Task goal: Each entry should be set down exactly as written, except for any picture it holds.

[Dataset excerpts]

===

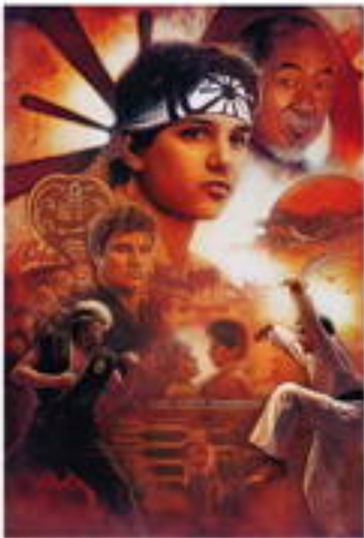
THE KARATE KID
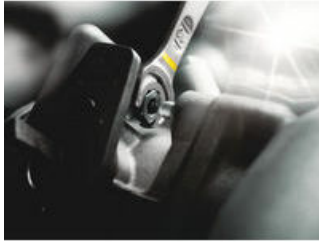
Joker open-ended wrench
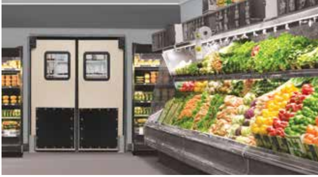
SUPERMARKETS / GROCERY STORES
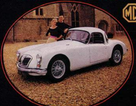
1957 MGA. FIRST OF THE NEW GENERATION, ENVELOPE-BODY MGs.
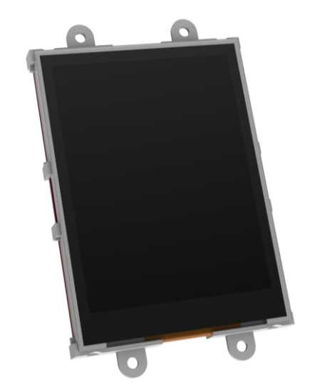
The uLCD-28-PTU Display Module
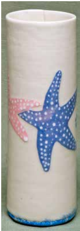
4050 Vase, 3.5 x 9"
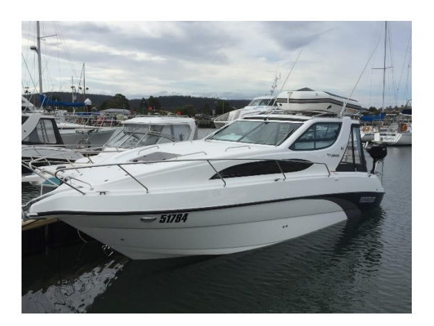
Surprise surprise another Whittley CR 2800.

First night in Wine Glass Bay. Fishing and eating all our great catch. Not a cloud in the sky and at night every star could be seen.
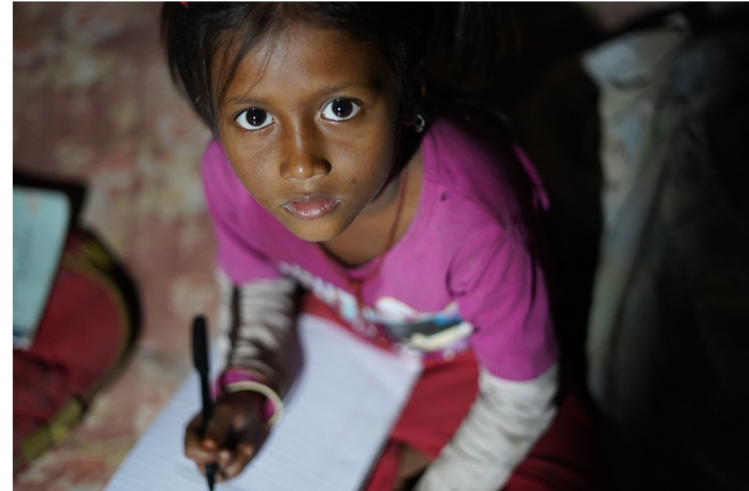
The name and photo have been used for representational purposes only, to protect the identity of the child.
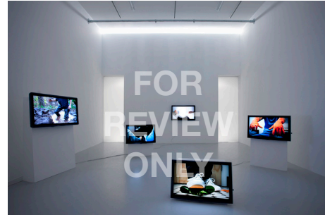
A.K. Burns, Installation, Touch Parade , 2011, TAG The Hague, Netherlands, 2012. Courtesy the artist and Calicoon Fine Arts, NY. Photo: Gert Jan van Rooij.
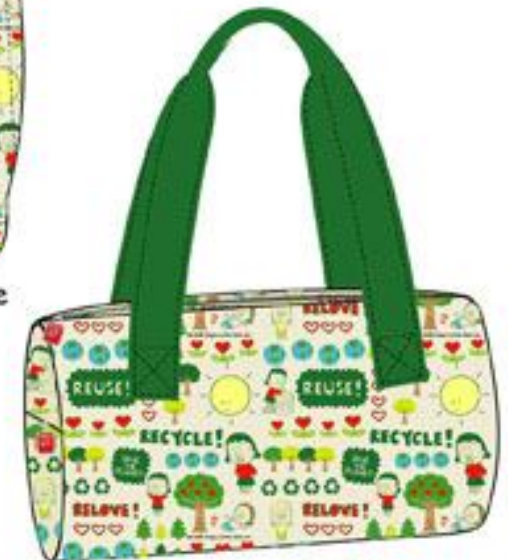
7609-RE "Recycle Pattern" 2-pocket Duffel B x 5.5 x 10.5
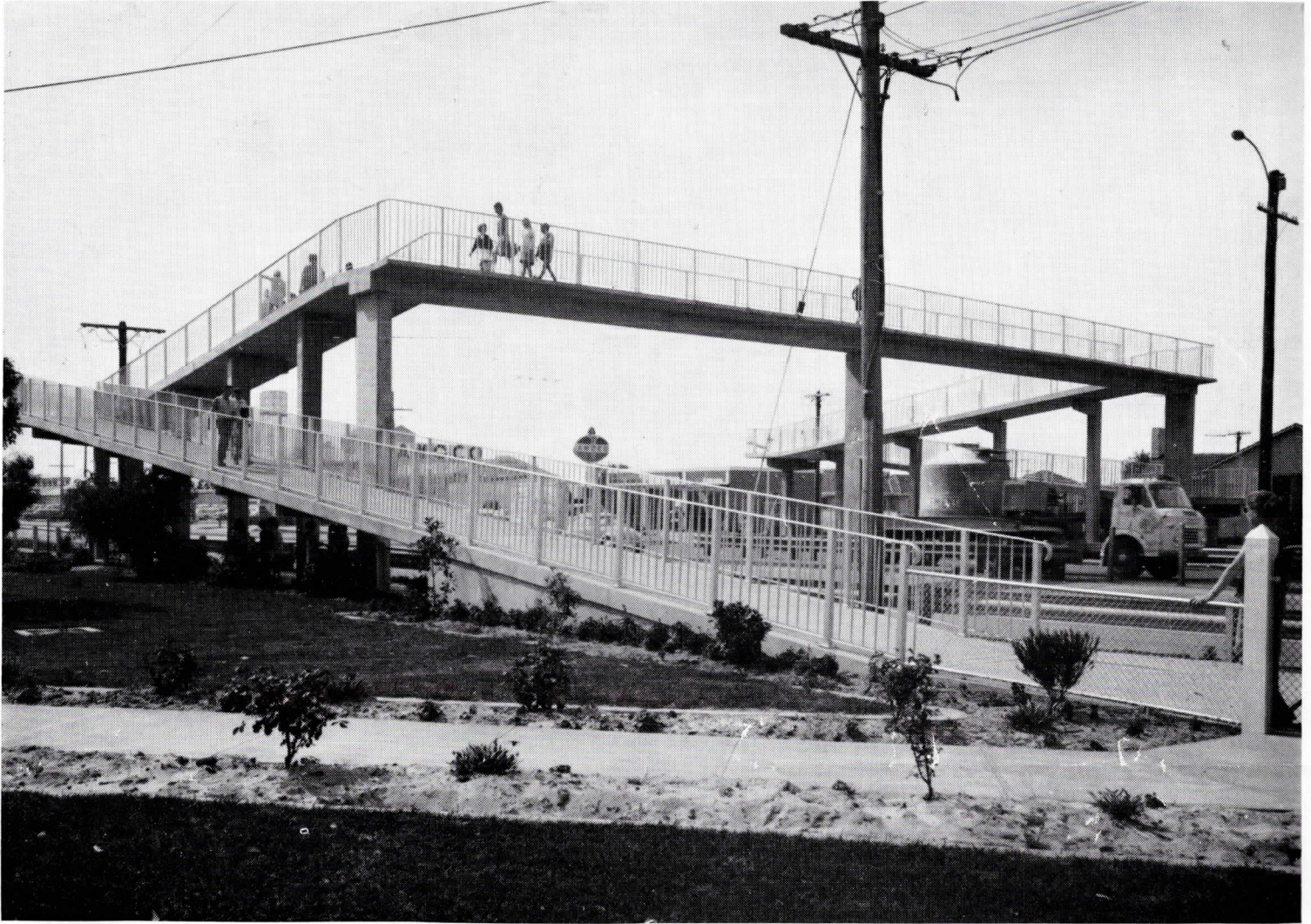
Latest photograph of crossing over the Western Highway near the Braybrook State School.

Under a scheme sponsored by the Government, construction has commenced on a series of overhead crossings over State highways in the metropolitan area to enable school children to cross in safety.
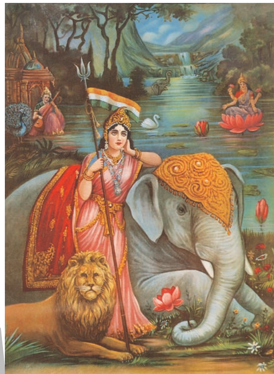
Fig. 14a – Bharat Mata.

This figure of Bharat Mata is a contrast to the one painted by Abanindranath Tagore. Here she is shown with a trishul, standing beside a lion and an elephant – both symbols of power and authority.
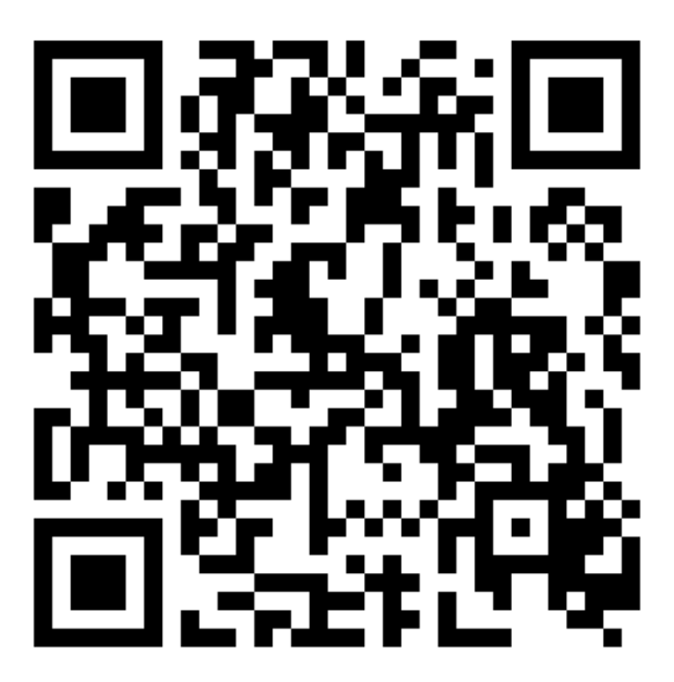
Figure 4. QR code for viewing the video with a QR code reader on phones and tablets. Alternatively, the video can be accessed through computer internet browsers at the link provided in this bulletin.

(Figure 4). See TSB 2039206 for more information about viewing videos.
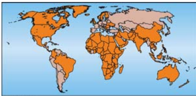
Orange-shaded countries air the Oprah Winfrey show ...but glocalization can be a complex process

If time permits: The Colonel Comes to Japan (video)
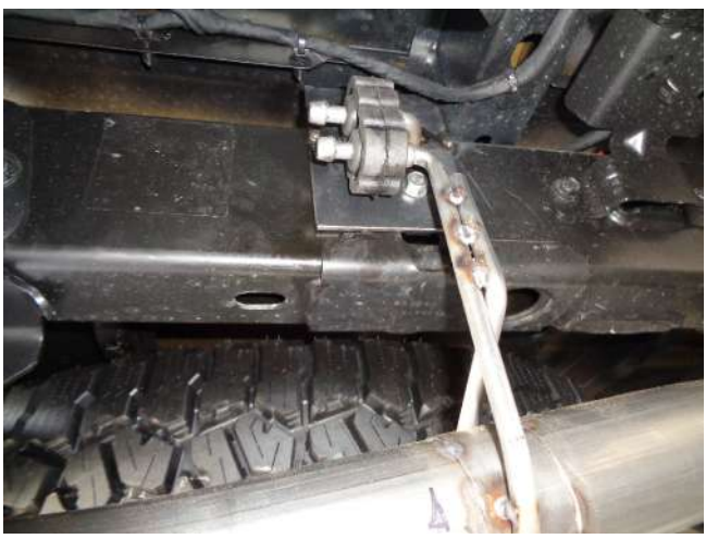
Step 5. As this vehicle was not setup for dual exhaust from the factory, a hanger bracket will need to be installed to the frame on the Passenger side with the supplied hardware as shown. Use the supplied zip tie to move the breather tube out of the way.
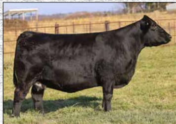
Dam of Undisputed
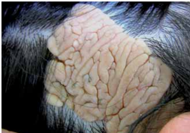
FIGURE 1: Beige colour plaque with fibroelastic consistency, velvety in appearance, alopecic, with clearly defined limits and sulci or well-marked meandering invaginations and a cerebriform appearance on the upper part of the right ear

===

Response area:
THE KARATE KID
Joker open-ended wrench
SUPERMARKETS / GROCERY STORES
1957 MGA. FIRST OF THE NEW GENERATION, ENVELOPE-BODY MGs.
The uLCD-28-PTU Display Module
4050 Vase, 3.5 x 9"
Surprise surprise another Whittley CR 2800.

First night in Wine Glass Bay. Fishing and eating all our great catch. Not a cloud in the sky and at night every star could be seen.
The name and photo have been used for representational purposes only, to protect the identity of the child.
A.K. Burns, Installation, Touch Parade , 2011, TAG The Hague, Netherlands, 2012. Courtesy the artist and Calicoon Fine Arts, NY. Photo: Gert Jan van Rooij.
7609-RE "Recycle Pattern" 2-pocket Duffel B x 5.5 x 10.5
Latest photograph of crossing over the Western Highway near the Braybrook State School.

Under a scheme sponsored by the Government, construction has commenced on a series of overhead crossings over State highways in the metropolitan area to enable school children to cross in safety.
Fig. 14a – Bharat Mata.

This figure of Bharat Mata is a contrast to the one painted by Abanindranath Tagore. Here she is shown with a trishul, standing beside a lion and an elephant – both symbols of power and authority.
Figure 4. QR code for viewing the video with a QR code reader on phones and tablets. Alternatively, the video can be accessed through computer internet browsers at the link provided in this bulletin.

(Figure 4). See TSB 2039206 for more information about viewing videos.
Orange-shaded countries air the Oprah Winfrey show ...but glocalization can be a complex process

If time permits: The Colonel Comes to Japan (video)
Step 5. As this vehicle was not setup for dual exhaust from the factory, a hanger bracket will need to be installed to the frame on the Passenger side with the supplied hardware as shown. Use the supplied zip tie to move the breather tube out of the way.
Dam of Undisputed
FIGURE 1: Beige colour plaque with fibroelastic consistency, velvety in appearance, alopecic, with clearly defined limits and sulci or well-marked meandering invaginations and a cerebriform appearance on the upper part of the right ear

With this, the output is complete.